Exercice d’un droit de retrait à effet différé
Lorsqu’un salarié exerce son droit de retrait, les juges doivent rechercher si le salarié avait un motif raisonnable de penser qu'il y avait un danger grave et imminent pour sa vie ou sa santé au moment de sa prise de décision.
Dernière mise à jour le : 11/06/2025
Que s’est-il passé ?
Cour de cassation, civile, Chambre sociale, 11 juin 2025, n°23-23.291
Un salarié a exercé son droit de retrait le 21 décembre 2018 en indiquant qu’il prendra effet au 2 janvier 2019, date de sa reprise de travail après des jours de congé. Il a été licencié un mois plus tard pour faute grave.
Il a saisi la juridiction prud’homale en nullité de son licenciement et en demande de dommages-intérêts pour violation par l'employeur de son obligation de prévention et absence d'organisation de la visite médicale de reprise. L’arrêt rendu par la cour d’appel rejette les demandes du salarié et confirme son licenciement pour faute grave. Il forme alors un pourvoi en cassation.
L’arrêt rendu par la Cour de cassation casse et annule l’arrêt d’appel. La Cour de cassation estime que la cour d'appel n'a pas correctement évalué si le salarié avait un motif raisonnable de penser qu'il y avait un danger au moment où il a exercé son droit de retrait.
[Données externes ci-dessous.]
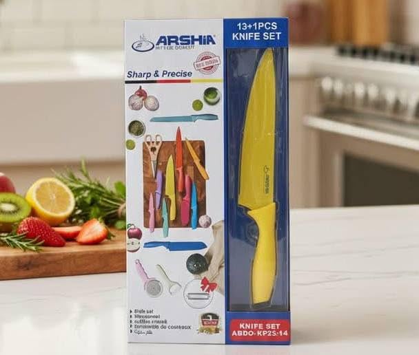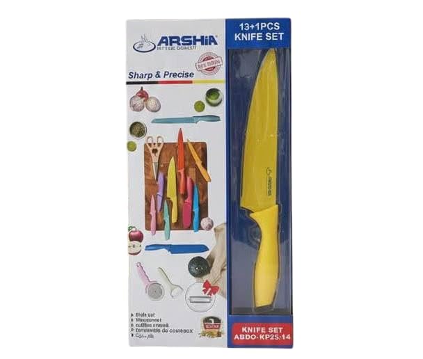 - [طقم متكامل 13+1]: يشمل الطقم مجموعة متنوعة من السكاكين بالإضافة إلى أدوات إضافية مثل المقص وقطّاعة العجين، لتلبية جميع احتياجات المطبخ اليومية.

Selon les juges, la cour d’appel aurait dû rechercher si le salarié avait, à la date de l’exercice de son droit de retrait, un motif raisonnable de penser que la situation de travail présentait un danger grave et imminent à la date de sa reprise de poste à l’issue de sa période de congés.
Pourquoi cette décision ?
Le Code du travail prévoit que tout travailleur doit alerter immédiatement l'employeur de toute situation de travail dont il a un motif raisonnable de penser qu'elle présente un danger grave et imminent pour sa vie ou sa santé ainsi que de toute défectuosité qu'il constate dans les systèmes de protection. Il peut se retirer d'une telle situation. Et l'employeur ne peut lui demander de reprendre son activité dans une situation de travail où persiste un danger grave et imminent.
Selon la cour d’appel, le caractère imminent du danger (critère requis pour que l’exercice du droit de retrait soit légitimement exercé) n’était en l’espèce pas caractérisé dans la mesure où le salarié se prévalait d'un droit de retrait « à venir », ne prenant donc effet que de façon différée. L’exerce du droit de retrait n’était donc, selon elle, pas justifié.
Or, pour la Cour de cassation, le fait qu’un salarié exerce un droit de retrait qui débutera à son retour de congés ne rend pas ce droit injustifié dès lors que ce dernier pouvait valablement croire au moment de sa prise de décision que la situation de travail justifiant son droit de retrait présentait un danger grave et imminent à la date à laquelle il devait reprendre son poste.
Commentaire
Le Code du travail prévoit que les travailleurs doivent, en fonction de la formation qu’ils ont reçue et de leurs possibilités, prendre soin de leur santé, veiller à leur sécurité et celles de leurs collègues sur le lieu de travail. Le respect de ces dispositions passe, notamment, par l’exercice du droit de retrait en cas de besoin.
Le salarié peut valablement exercer son droit de retrait lorsqu’il pense avoir un motif raisonnable de croire à une menace sérieuse pour sa santé ou sa sécurité (ou ses collègues), et la situation doit se caractériser par l'urgence à réagir.
L'origine du danger peut se trouver, par exemple, dans un véhicule ou équipement de travail défectueux et non conforme aux normes de sécurité, ou encore en cas d’absence d'équipements de protection collective ou individuelle.